Laureando in Giurisprudenza, già Assessore
della precedente giunta della Comunità
Montana
capitanata da Franco Vittoria, consigliere
di maggioranza al Comune di Baiano,
Enrico
Montanaro è stato eletto con una buona
maggioranza:
14 voti favorevoli, 1 astenuto, 1 contrario,
i restanti 8 rappresentanti si sono
alzati
dal tavolo dei lavori e hanno abbandonato
l'aula. L'elezione è stata appoggiata
da
uno schieramento di centro sinistra,
in particolare
da sindaci del Pd e dal sindaco di
Santa
Paolina di Sinistra Democratica. Questa
la
nuova giunta: il Presidente della C.M.
sarà
affiancato da 4 assessori: Amato Rizzo,
sindaco
di Pietrastornina, Angelina Spinelli,
sindaco
di Santa Paolina, Domenico Montanaro,
sindaco
di Visciano, Sebastiano Cennerazzo,
sindaco
di Torrioni. I delegati che hanno dato
il
proprio voto favorevole sono quelli
di Avella,
Baiano, Cervinara, Montefusco, Mugnano
del
Cardinale, Pannarano, Pietrastornina,
Quadrelle,
San Martino Valle Caudina, Sirignano,
Taurano,
Torrioni, Santa Paolina, Visciano.
Astenuto
il sindaco di Rotondi; voto contrario
di
Quindici.

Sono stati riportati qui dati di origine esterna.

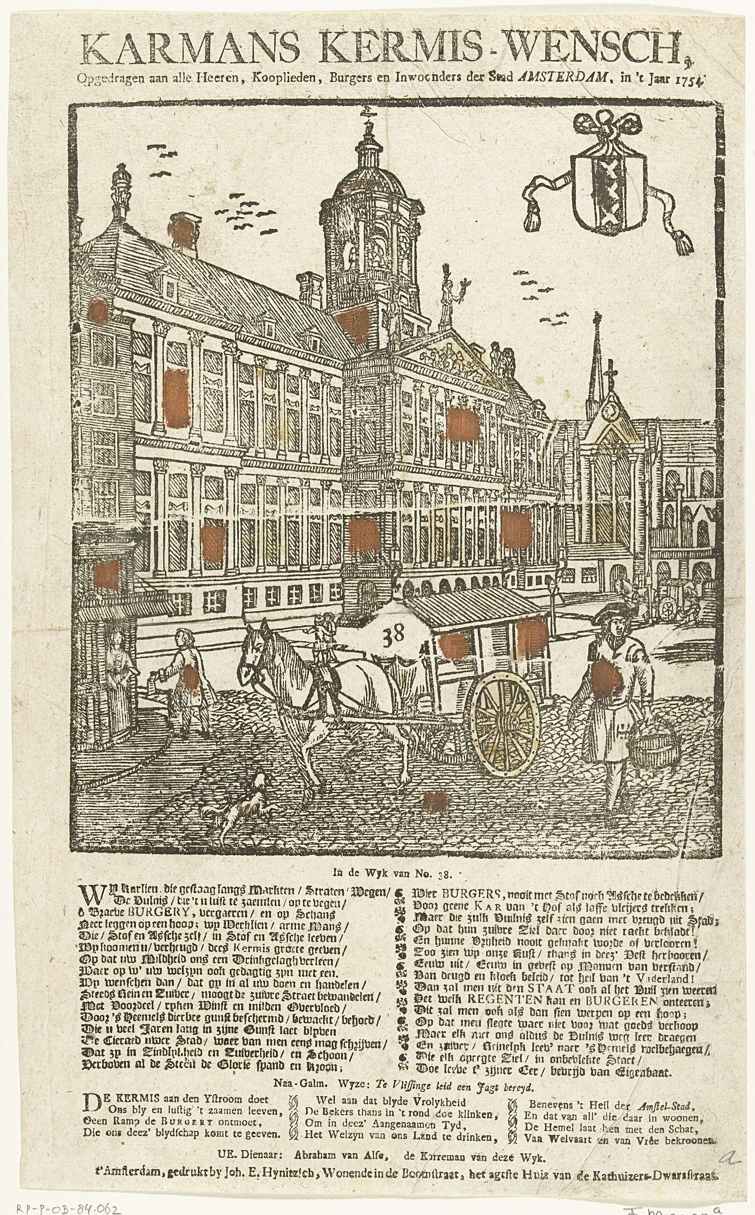 Kermisprent voor het jaar 1754 van Abraham van Alse, de karrenman (askarrenman of vuilnisman) in de wijk 38, opgedragen aan de burgers van Amsterdam. Paard met askar gemerkt 38 op de Dam voor het Stadhuis. Op het blad onder de voorstelling een vers in twee kolommen met een lied in de nagalm in drie kolommen.

I comuni che hanno invece
abbandonato
la votazione sono: Mercogliano, Monteforte,
Moschiano, Ospedaletto d'Alpinolo,
Rocca,
Sant'Angelo a Scala, Summonte, Lauro.
"Quella che oggi si è delineata è la
nuova fisionomia della Comunità Montana,
risultato della fusione di tre enti, precedentemente
distinti, che erano la Comunità Montana del
Vallo di Lauro e del Baianese, del Partenio
e del Montedonico Trabucco che adesso avranno
un organico comune", dichiara il neoeletto
presidente, "Con oggi si è aperta la
nuova fase costituente di questo nuovo ente
che sorge sulle ceneri delle 3 Comunità Montane.
Le nostre priorità saranno anzitutto approvare
lo statuto, il rifacimento della nuova pianta
organica, per far si che tutti i dipendenti
delle ex tre Comunità Montane mantengano
il loro posto, e la redazione del bilancio.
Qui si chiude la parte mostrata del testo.